Autre titre Chaqiaw al-çoumt al-’anif` / Le silence violent
Année 1975 / 90’
Scénario et dialogue Moumen Smihi
Image Mohamed Sekkat
Montage Claude Farory
Production IMAGO Film International
Distribution Cinémathèque de Tanger (CDT)
Avec Aïcha Chaïri, Khadija Moujahid, Majdouline Abdelkader Moutaa, Leila Shenn
A propos…
Presse Africiné
Le réalisateur Moumen Smihi est un des pionniers du cinéma marocain. Son premier film, El Chergui, est l’un des chef-d’œuvres du cinéma marocain et a remporté de nombreux prix. Il a été célébré par la presse nationale et internationale pour son courage à traiter dès 1954 de la condition de la femme marocaine sous le joug de son époux.
Ce film est fort, tant au niveau de sa matière (la situation critique de la femme) qu’au niveau de la distribution des rôles, ou encore le montage et le découpage des scènes.
Le film s’ouvre sur la ville de Tanger, au cours des dernières années du colonialisme.
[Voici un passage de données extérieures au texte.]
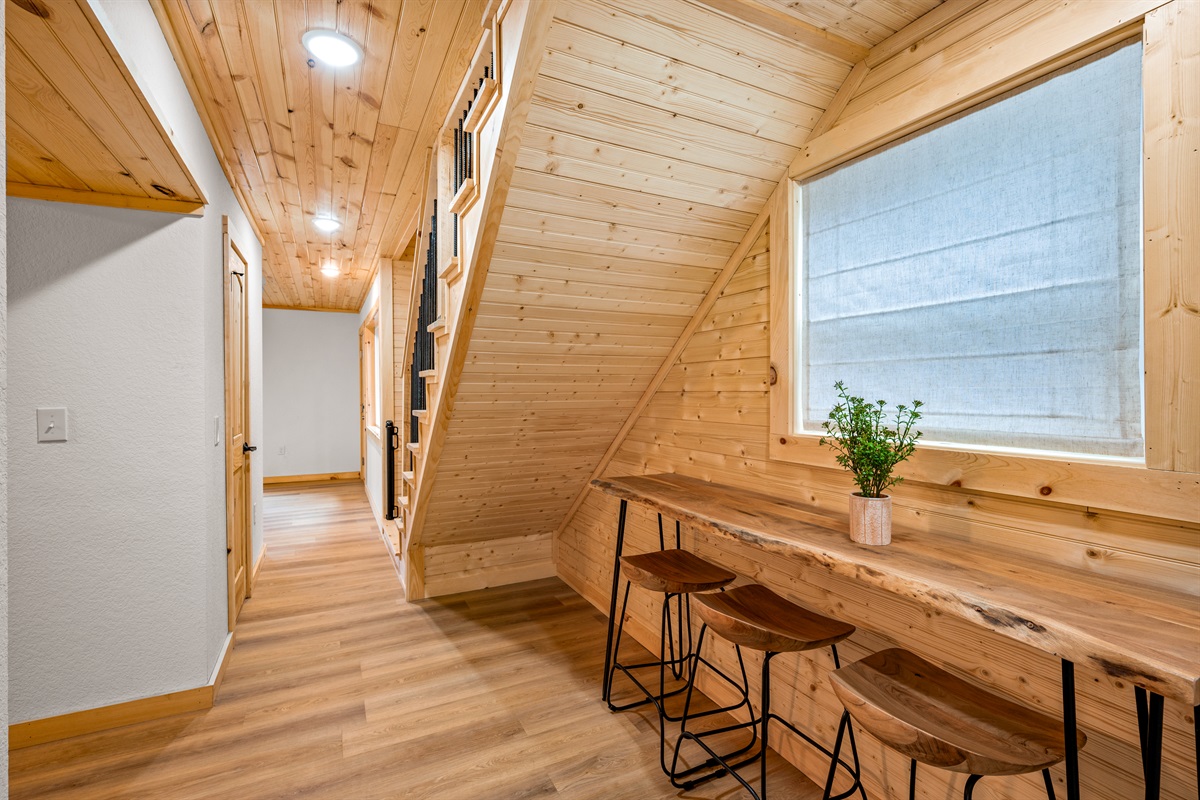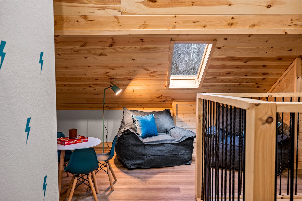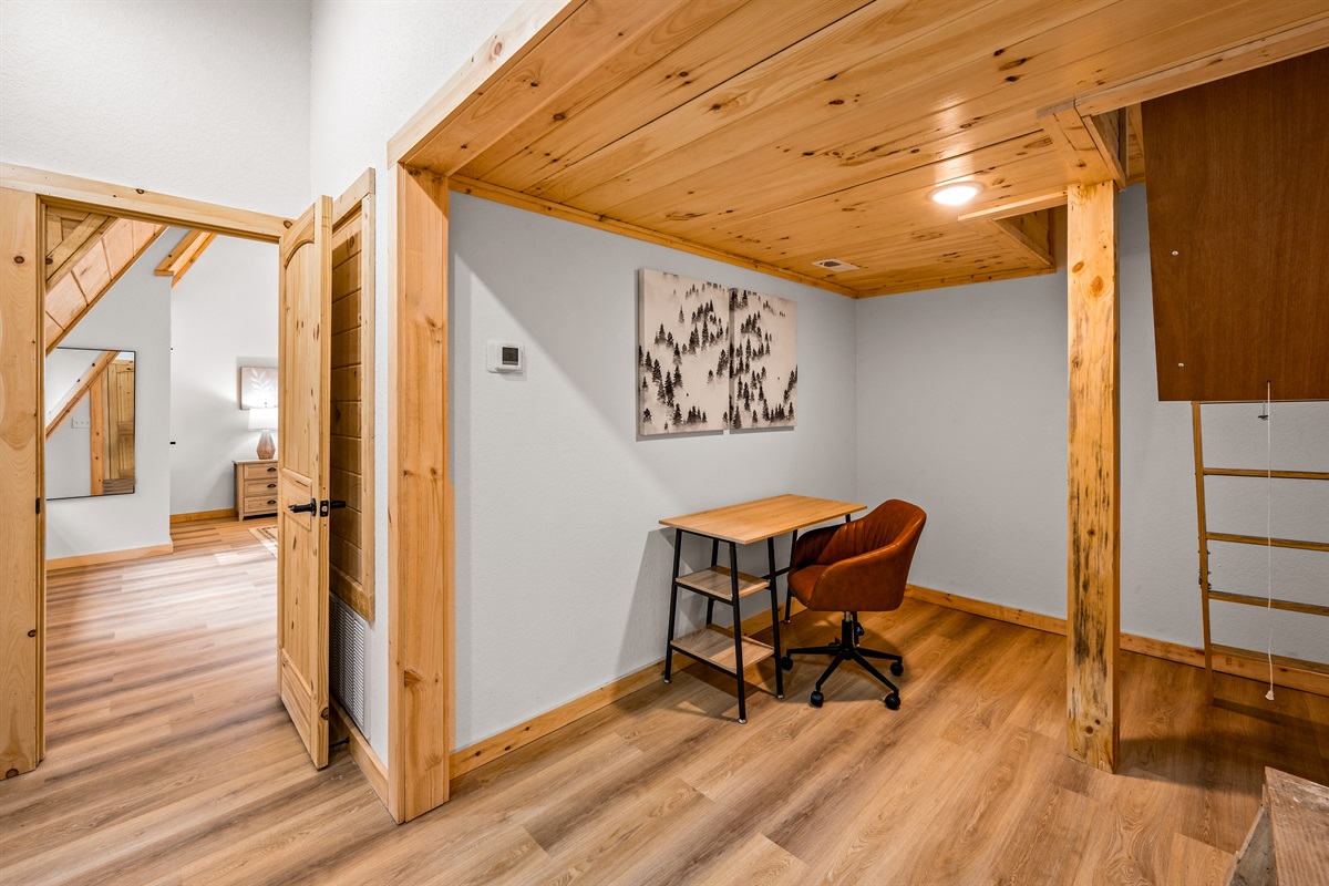 Between the King and Bunk rooms is a peaceful reading nook, with comfortable seating to get lost in a good book before bed. There is also a dedicated work-space in case you need to catch up on work during your stay.

La caméra se promène dans les rues et les maisons en toute liberté ; elle s’arrête de temps en temps pour inscrire le nom d’une rue ou d’une place. On change de quartier pour entrer dans une maison.
Dans cette maison, une vielle femme qui ne cesse jamais de demander l’aide de Dieu (en parlant avec elle-même), une charmante épouse et son fils. Il y a aussi le mari ainsi que la présence d’une jeune fille malade (atteinte de dépression).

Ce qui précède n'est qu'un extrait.